Of course, that is not the case in Felice Romani's libretto, which in turn is based on a ballet pantomime by Eugène Scribe;

but the woman in white singing her moving "Non credea mirarti" so delicately and rapturously high up on the roof of the church has already stepped so far out of her narrow circle that there is no turning back and one simply cannot imagine , she could put up with the villager Elvino.

The small differences are funny

The "Sonnambula" is the Teatro Real's offer for the Christmas season with thirteen performances in three weeks.

It ends on Epiphany.

Because the lead actors couldn't manage the vocal strain, a second cast of similarly high quality had to be found: with Jessica Pratt as Amina and Francesco Demuro as Elvino.

Funny are the small differences between the evenings.

The second Count Rodolfo (Fernando Radó) has such a muscular upper body that he carries it for longer walks on stage and is allowed to harass Amina half-naked, while the first Count Rodolfo, after he has got out of the bathtub, modestly veils himself.

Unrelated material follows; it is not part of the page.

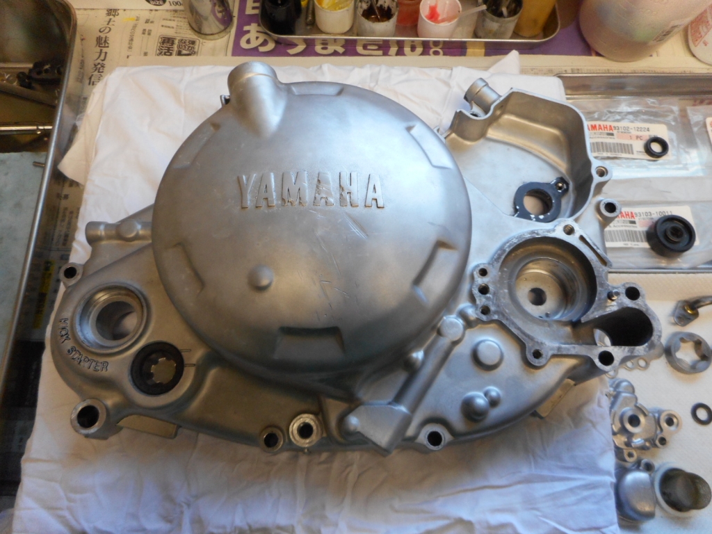 JUGEMテーマ:バイクメンテ 部品洗浄したケースを修正・点検します。 ケース合わせ面の面出し・バリ取り・ネジ山タップ修正など行います。 ケースマウントダンパーはまだ生きていましたので続投です。 このケースカバーは初期型のものでYAMAHAの文字が浮き出ています。 転倒による傷がありましたので少し修正しました。
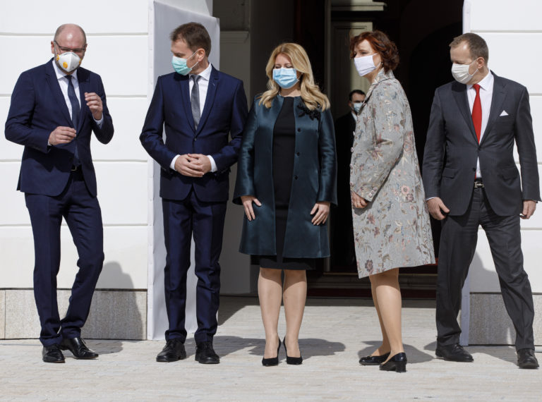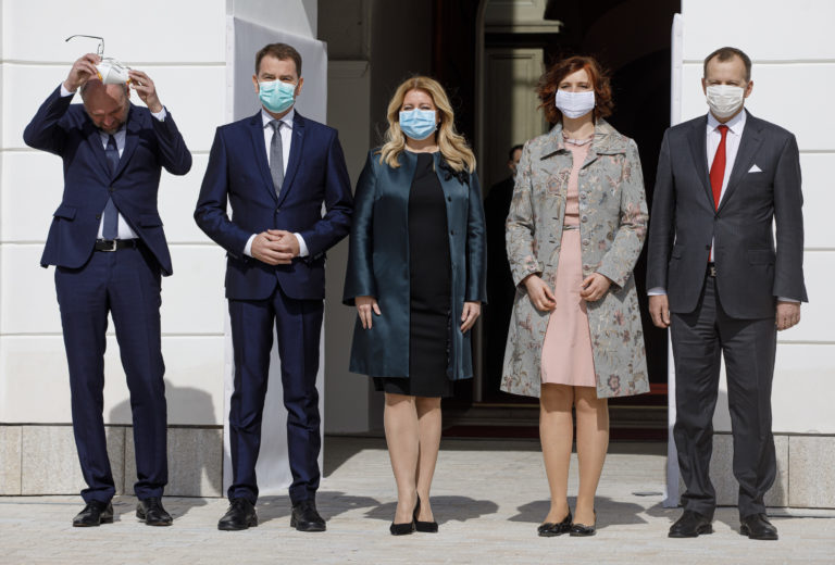 Zľava: Predseda hnutia OĽANO Igor Matovič, podpredsedníčka strany Za ľudí Veronika Remišová, predseda strany SAS Richard Sulík, predseda hnutia Sme rodina Boris Kollár a prezidentka SR Zuzana Čaputová (vpravo) počas stretnutia prezidentky SR s lídrami politických strán budúcej vládnej štvorkoalície v Prezidentskom paláci. Bratislava, 14. marec 2020. Foto: SITA/Branislav Bibel

But he - namely Rodolfo Tagliavini - is a descendant of the great Ferruccio Tagliavini, who left us one of the most beautiful "Sonnambulas" ever in 1952 with Lina Pagliughi and Cesare Siepi at Cetra.

What both evenings had in common was that philistines coughed wildly into delicate pianissimi, as if they themselves belonged in the dumb village that we saw on stage.

The phenomenon is so well known in Madrid that the newspapers stopped commenting on it a long time ago.